Matlab trainNetwork CNN training pauses iterating intermittently at random then continues

I'm attempting to train a DnCNN network with a grayscale image patch dataset I've collected and aggregated into training and validation imageDatastore objects. I'm using trainNetwork to execute the training routine. When training on imageDatastore train and validation objects containing 50,000 and 5,000 files, respectively, training iterations appear to execute with the same time duration between each iteration (for example, it appears to take less than 1 second for each minibatch size of 128 to be completed and iterate to the next minibatch).
However, when I increase the amount of training and validation files in the imageDatastore objects passed into the trainNetwork function to 350,000 and 35,000, respectively, during training, random iterations appear to hang/pause such that the time duration for the "paused" iteration is 20-30 seconds longer than the normal ~1 second per iteration timeframe. This pausing happens intermittently and frequently significantly increasing my training time and I don't understand why. My memory resources via RAM and GPU have plenty of available memory during training and modification of batchsize, learning rate and optimizer (ADAM, SGDM) do not eliminate this pausing action. The problem appears to be directly related to the number of files in the imageDatastore objects used for training.

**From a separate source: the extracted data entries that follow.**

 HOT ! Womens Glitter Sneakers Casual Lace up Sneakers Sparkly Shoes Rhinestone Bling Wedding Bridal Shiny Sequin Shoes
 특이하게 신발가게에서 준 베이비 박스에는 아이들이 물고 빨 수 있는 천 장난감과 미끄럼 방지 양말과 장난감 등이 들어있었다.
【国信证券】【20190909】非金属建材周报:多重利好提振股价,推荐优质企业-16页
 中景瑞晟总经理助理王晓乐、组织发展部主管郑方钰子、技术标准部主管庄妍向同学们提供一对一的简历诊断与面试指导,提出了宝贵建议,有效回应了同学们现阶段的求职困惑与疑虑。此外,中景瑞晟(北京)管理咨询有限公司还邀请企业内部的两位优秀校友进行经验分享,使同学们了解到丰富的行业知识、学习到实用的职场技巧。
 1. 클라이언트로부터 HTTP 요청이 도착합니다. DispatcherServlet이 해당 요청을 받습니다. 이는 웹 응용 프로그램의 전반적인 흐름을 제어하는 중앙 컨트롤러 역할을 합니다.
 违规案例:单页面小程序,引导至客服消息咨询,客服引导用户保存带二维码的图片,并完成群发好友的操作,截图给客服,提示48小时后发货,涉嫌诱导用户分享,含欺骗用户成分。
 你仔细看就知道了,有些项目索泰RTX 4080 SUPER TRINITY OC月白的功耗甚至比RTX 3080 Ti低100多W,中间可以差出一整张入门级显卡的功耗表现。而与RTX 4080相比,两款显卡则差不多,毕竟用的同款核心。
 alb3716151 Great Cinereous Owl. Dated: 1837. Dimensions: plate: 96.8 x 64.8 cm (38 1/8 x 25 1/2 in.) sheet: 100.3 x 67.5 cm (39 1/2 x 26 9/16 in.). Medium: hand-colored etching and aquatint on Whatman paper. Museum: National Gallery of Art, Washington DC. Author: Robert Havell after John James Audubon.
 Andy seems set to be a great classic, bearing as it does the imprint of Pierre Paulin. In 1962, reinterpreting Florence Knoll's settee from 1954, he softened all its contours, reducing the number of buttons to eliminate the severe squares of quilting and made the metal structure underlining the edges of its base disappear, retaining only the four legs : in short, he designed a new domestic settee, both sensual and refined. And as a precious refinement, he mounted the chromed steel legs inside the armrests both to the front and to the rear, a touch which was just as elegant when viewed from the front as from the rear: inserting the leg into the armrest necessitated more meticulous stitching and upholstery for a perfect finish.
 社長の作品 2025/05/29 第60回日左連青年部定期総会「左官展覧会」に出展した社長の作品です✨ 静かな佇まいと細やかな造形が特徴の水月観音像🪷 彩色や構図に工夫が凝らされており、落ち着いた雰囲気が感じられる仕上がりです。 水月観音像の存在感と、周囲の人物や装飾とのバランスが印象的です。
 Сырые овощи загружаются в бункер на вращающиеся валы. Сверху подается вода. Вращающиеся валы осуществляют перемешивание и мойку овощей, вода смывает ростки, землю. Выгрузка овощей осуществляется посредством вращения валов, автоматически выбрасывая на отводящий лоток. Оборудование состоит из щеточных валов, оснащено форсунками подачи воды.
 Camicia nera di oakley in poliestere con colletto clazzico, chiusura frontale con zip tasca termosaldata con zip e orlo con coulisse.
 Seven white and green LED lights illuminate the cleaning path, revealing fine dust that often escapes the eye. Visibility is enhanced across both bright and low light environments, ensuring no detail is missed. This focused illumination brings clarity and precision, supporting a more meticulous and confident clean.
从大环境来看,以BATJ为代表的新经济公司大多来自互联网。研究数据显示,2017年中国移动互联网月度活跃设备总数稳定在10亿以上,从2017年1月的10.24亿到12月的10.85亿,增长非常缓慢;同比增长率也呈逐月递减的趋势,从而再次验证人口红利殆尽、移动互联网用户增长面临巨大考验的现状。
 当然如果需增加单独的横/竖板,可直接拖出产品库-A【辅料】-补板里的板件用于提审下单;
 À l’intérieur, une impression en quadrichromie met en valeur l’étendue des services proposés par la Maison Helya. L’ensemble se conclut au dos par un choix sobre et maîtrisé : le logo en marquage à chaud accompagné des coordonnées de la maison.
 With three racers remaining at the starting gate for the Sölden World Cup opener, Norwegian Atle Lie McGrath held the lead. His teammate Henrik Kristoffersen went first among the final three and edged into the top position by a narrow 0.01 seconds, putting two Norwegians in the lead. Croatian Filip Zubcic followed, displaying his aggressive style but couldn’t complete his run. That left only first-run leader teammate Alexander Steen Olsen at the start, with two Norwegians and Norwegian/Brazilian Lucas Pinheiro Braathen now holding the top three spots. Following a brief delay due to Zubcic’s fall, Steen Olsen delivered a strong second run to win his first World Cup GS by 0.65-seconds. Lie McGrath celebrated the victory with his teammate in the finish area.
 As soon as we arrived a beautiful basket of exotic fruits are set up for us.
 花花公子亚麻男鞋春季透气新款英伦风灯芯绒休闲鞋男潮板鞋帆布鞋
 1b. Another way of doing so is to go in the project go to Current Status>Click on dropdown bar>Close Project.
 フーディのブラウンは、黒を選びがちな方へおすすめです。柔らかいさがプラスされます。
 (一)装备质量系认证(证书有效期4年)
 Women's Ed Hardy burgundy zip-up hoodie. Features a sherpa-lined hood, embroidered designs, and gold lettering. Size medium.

Has anyone dealt with this before? Is there some type of data cleanup action being performed via trainNetwork that is executing causing iterations to pause randomly when the imageDatastore objects contain large numbers of files?
Any insight would be greatly appreciated! Thanks


Joss Knight
Joss Knight 2022년 8월 11일
Is the pause associated with a validation measurement being added to the training plot? With 7 times as much validation data it will take 7 times longer to take a validation measurement.
Nicholas Hopkins
Nicholas Hopkins 2022년 8월 12일
Joss, copy all and thank you for the quick responses and troubleshooting tips. The iteration pausing is definitely an interesting deviation from what generally is normal program/training execution when the datastores scale up in size. I'll take a look at analyzing the imagedatastores with the troubleshooting tips you suggested and will hopefully update this thread with an explanation for this training routine behavior; however, it may be a few days before I get back to running this code and focusing on this area of my research so I'll standby on accepting your answer until I look into some of what you suggested.